セルフケア前屈型は太もも裏側、後屈型は腸腰筋のストレッチ
腰の痛みに対しては、腰より上にある胸郭、あるいは腰より下にある太ももの筋肉や股関節を軟らかくすることで、腰にかかる負担を減らしてあげることが基本的な対応になります。
前屈で腰が痛くなる場合、太ももの裏側の筋肉であるハムストリングスのストレッチがお薦めです。仰向けで太ももを抱えながら足を上げ、膝を直角に曲げます。次に、太ももを抱えたまま、できるだけ足が一直線になるように足先を起こしていきます。これ以上起こせない状態になったら10秒間キープします。これを10回程度繰り返します。
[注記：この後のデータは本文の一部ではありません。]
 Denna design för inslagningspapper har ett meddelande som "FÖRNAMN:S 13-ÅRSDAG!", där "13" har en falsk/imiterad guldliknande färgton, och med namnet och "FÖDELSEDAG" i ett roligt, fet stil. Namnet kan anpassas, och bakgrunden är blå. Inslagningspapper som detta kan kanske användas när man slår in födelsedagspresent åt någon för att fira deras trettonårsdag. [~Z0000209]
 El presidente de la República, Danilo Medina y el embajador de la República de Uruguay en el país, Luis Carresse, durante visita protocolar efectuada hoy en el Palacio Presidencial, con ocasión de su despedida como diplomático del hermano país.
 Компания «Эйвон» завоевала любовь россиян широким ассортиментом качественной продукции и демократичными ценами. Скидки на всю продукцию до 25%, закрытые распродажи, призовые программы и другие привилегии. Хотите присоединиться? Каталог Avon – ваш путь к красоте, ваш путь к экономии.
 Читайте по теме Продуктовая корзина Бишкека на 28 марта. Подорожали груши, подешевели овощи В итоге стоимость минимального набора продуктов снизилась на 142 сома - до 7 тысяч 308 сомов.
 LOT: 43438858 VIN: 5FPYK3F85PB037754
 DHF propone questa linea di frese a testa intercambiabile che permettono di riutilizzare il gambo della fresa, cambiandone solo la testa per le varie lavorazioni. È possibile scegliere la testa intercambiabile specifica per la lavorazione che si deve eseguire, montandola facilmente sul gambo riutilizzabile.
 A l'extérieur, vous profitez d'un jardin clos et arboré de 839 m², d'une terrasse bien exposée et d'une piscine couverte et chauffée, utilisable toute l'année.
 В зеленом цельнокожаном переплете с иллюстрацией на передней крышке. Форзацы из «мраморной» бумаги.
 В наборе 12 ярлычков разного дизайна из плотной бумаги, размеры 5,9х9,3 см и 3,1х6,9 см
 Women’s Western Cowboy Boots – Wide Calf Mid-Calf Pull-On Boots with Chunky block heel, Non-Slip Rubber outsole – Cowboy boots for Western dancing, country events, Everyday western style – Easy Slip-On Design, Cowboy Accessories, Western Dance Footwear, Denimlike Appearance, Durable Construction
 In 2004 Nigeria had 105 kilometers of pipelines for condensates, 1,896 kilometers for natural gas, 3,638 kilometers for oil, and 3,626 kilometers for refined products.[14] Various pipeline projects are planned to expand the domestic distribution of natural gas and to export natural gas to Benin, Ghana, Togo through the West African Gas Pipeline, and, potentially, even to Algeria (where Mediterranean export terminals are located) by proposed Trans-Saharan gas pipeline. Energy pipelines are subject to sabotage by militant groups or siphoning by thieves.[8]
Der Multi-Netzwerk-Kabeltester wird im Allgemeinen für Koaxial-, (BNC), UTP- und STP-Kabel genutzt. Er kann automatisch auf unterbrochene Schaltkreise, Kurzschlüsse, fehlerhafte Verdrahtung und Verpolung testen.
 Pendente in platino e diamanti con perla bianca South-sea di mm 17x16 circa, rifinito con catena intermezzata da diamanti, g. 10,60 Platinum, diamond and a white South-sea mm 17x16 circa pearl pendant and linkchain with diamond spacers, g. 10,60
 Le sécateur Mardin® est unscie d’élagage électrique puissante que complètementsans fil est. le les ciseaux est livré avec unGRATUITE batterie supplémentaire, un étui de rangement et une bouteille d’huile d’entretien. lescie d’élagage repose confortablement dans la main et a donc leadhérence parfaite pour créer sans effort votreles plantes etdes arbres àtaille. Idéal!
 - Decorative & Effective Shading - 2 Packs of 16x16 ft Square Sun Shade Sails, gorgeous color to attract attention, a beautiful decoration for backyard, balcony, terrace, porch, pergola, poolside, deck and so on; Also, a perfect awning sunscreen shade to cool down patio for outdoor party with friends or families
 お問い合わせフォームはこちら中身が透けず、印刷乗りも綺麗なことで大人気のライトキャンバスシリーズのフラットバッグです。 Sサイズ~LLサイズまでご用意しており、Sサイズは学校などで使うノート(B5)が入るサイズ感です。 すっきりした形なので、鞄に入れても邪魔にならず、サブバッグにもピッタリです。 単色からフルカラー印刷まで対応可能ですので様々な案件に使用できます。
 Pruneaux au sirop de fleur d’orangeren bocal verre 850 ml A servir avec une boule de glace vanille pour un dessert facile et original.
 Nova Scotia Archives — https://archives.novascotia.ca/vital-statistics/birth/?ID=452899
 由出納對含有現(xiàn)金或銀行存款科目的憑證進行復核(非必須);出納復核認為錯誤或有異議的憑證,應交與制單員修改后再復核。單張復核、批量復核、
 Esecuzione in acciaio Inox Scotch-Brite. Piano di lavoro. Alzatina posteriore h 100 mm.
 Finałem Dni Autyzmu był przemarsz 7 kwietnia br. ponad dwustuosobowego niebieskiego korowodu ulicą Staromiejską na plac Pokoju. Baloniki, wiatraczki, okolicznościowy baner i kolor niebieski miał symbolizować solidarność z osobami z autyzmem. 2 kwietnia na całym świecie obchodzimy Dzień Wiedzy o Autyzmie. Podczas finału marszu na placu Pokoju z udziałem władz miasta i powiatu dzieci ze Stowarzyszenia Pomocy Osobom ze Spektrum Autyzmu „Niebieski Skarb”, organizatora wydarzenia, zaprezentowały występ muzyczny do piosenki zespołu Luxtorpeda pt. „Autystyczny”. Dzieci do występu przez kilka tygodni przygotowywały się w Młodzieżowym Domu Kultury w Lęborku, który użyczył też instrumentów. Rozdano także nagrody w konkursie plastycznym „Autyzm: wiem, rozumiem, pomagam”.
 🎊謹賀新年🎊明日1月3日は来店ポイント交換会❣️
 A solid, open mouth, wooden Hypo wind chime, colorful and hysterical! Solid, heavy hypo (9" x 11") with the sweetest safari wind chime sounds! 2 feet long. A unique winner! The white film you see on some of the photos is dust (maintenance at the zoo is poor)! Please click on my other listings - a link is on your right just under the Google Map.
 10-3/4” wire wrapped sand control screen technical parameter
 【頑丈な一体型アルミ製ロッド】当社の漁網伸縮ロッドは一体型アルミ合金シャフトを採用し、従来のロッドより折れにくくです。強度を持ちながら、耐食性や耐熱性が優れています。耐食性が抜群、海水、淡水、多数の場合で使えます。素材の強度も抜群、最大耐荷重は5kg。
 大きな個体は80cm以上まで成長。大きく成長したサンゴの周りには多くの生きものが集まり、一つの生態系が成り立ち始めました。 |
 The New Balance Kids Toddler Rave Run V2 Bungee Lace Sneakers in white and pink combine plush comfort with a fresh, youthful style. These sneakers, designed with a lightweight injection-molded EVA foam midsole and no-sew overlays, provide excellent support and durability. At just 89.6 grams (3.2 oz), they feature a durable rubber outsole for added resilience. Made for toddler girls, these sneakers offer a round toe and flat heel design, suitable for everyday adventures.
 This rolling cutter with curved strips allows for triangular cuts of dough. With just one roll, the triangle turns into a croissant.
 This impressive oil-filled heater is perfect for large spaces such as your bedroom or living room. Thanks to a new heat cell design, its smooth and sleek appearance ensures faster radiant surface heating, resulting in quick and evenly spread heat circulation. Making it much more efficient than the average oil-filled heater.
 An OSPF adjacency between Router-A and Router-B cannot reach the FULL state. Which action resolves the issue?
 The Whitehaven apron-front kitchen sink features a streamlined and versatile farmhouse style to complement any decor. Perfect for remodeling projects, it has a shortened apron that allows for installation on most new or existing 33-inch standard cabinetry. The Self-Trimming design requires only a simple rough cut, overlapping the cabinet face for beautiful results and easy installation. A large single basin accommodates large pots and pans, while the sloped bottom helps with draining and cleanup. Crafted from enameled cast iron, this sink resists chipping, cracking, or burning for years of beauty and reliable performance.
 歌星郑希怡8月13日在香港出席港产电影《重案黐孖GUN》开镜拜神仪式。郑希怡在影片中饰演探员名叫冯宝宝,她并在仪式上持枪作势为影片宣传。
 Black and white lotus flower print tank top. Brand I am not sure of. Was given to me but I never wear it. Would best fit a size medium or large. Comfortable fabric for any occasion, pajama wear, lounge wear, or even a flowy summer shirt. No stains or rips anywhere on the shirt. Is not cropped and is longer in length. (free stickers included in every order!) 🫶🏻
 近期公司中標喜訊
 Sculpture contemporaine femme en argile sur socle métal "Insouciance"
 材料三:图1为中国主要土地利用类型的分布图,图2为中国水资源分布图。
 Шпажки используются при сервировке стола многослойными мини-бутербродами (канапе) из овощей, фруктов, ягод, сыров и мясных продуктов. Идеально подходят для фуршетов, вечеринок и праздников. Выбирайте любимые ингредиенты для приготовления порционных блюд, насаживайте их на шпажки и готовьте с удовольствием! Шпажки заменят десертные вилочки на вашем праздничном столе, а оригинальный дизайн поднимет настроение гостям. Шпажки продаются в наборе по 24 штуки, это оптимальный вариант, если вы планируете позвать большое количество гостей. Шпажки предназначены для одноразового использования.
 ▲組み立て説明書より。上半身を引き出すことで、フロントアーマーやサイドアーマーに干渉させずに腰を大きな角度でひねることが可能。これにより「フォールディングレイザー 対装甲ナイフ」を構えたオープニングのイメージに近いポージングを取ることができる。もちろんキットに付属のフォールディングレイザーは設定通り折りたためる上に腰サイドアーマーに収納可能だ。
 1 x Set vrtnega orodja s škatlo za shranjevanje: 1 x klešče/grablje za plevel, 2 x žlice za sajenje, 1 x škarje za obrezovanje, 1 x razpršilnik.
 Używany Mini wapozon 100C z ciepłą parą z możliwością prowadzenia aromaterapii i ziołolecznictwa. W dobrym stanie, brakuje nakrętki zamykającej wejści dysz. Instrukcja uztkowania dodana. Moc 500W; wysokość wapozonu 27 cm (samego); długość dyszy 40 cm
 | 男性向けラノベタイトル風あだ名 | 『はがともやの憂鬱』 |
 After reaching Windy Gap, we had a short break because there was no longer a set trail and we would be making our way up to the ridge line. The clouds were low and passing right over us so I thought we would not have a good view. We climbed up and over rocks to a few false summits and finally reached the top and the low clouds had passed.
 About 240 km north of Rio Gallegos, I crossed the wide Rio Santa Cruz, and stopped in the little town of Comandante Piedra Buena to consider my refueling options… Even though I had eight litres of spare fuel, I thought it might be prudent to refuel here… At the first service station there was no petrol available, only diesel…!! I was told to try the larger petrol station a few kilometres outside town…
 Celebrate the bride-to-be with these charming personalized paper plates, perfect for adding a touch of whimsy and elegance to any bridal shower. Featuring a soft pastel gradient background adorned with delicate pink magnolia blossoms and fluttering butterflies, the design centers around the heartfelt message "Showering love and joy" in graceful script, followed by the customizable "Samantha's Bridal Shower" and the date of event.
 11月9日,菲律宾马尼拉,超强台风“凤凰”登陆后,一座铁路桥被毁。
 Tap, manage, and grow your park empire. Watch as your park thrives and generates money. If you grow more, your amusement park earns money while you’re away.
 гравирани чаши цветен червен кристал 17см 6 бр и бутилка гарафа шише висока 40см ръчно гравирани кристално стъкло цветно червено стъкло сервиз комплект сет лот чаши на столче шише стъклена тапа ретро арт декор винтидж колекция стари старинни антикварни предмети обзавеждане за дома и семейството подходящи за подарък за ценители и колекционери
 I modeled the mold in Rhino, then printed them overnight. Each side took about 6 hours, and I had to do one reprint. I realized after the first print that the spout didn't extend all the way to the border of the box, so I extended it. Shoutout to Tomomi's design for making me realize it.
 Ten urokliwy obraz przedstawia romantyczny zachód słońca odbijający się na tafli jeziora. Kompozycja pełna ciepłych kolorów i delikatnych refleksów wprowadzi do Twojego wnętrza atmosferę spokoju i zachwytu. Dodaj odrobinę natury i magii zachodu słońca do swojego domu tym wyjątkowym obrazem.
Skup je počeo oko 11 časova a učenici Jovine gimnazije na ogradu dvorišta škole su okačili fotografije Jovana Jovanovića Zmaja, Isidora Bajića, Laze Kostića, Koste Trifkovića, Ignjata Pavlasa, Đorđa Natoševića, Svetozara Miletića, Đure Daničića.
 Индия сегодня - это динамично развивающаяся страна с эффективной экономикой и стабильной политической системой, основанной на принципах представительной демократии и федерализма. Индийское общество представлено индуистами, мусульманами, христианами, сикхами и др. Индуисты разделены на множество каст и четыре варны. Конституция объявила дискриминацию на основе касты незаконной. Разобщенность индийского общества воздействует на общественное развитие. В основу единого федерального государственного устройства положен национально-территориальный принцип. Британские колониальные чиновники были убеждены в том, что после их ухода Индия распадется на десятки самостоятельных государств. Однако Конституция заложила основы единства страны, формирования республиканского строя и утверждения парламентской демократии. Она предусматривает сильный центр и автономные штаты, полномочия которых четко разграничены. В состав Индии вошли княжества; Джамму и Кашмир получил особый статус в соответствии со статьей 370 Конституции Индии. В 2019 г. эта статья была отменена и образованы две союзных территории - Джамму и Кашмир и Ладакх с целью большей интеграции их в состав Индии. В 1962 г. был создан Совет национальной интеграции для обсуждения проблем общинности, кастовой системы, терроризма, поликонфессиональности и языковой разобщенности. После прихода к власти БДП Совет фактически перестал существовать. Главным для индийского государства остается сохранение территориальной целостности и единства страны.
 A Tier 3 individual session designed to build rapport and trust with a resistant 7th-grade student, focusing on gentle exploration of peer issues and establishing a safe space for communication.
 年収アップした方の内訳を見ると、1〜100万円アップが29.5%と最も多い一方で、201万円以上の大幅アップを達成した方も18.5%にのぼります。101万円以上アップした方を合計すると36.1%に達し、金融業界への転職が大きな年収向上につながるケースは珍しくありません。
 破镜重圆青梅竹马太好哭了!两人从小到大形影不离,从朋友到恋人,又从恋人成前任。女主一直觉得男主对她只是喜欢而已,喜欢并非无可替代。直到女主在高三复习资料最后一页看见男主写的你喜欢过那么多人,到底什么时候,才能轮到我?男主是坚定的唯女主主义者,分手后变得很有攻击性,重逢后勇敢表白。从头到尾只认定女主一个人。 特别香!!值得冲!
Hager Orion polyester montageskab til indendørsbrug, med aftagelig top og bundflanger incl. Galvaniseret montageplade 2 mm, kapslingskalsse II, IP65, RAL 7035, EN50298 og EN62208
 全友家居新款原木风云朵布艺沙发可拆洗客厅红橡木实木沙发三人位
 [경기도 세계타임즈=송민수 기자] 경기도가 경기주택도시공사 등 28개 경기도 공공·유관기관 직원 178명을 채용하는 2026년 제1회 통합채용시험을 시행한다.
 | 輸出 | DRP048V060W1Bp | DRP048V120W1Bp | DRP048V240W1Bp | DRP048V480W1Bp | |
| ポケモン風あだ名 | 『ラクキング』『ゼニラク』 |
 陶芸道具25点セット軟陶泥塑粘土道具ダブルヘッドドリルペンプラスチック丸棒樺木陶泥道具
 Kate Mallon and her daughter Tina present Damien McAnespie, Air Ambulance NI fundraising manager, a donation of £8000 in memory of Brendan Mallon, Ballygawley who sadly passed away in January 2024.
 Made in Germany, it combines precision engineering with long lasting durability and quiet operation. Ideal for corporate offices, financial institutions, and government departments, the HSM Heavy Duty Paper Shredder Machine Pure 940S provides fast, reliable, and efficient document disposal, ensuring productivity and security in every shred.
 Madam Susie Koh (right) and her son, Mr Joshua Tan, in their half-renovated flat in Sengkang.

ストレッチの際は、誰かに足を起こしてもらうよりも、自分で足を起こしていく方が筋肉を伸ばす効果は高いです。自分で足を起こす動作をすると、太ももの前にある筋肉が縮まろうとします。これに太ももの裏側の筋肉が反応して、自分で伸びようとするからです。
- まず、仰向けになり、伸ばす方の足を直角に曲げる
- 次に、足を抱えたまま、足が一直線になるように足先を起こしていく。伸ばした状態を10秒間保持。これを10セット行う。
後屈したときに腰がより強く痛む人は、上半身と下半身をつなぐ筋肉である腸腰(ちょうよう)筋のストレッチがお薦めです。伸ばす方の足を後ろにして立て膝をし、手を前の方に着き、前になっている足を曲げていきます。後ろに立てている膝の位置をかえないように、股関節の前(腸腰筋のある位置)を伸ばします。呼吸を止めずに20~30秒間同じ姿勢を保持します。これを3回繰り返します。余裕があれば、そのまま腕を伸ばして上体をひねり、胸郭を伸ばしてあげましょう。
- 伸ばす方の足を後ろにして立て膝になり、腸腰筋を伸ばす。
- 腕を伸ばして上半身をひねり、胸郭の周辺を伸ばす。
作業時のヒント負担のかかりにくい姿勢になる環境を自分で作る
前屈の姿勢は腰の背筋に負荷がかかるため、重い鍋などの物を持ち上げるときはできるだけ体の近くで持つように心がけてください。調理時は調理台やまな板の位置を高くして、上半身を起こす姿勢になるように調節するとよいでしょう。後屈で腰痛がある人の場合は逆です。前かがみになった方が楽なので、調理時には、床に低い台を置いて片足を乗せ、少し前傾した体勢で調理をすると体が楽になると思います。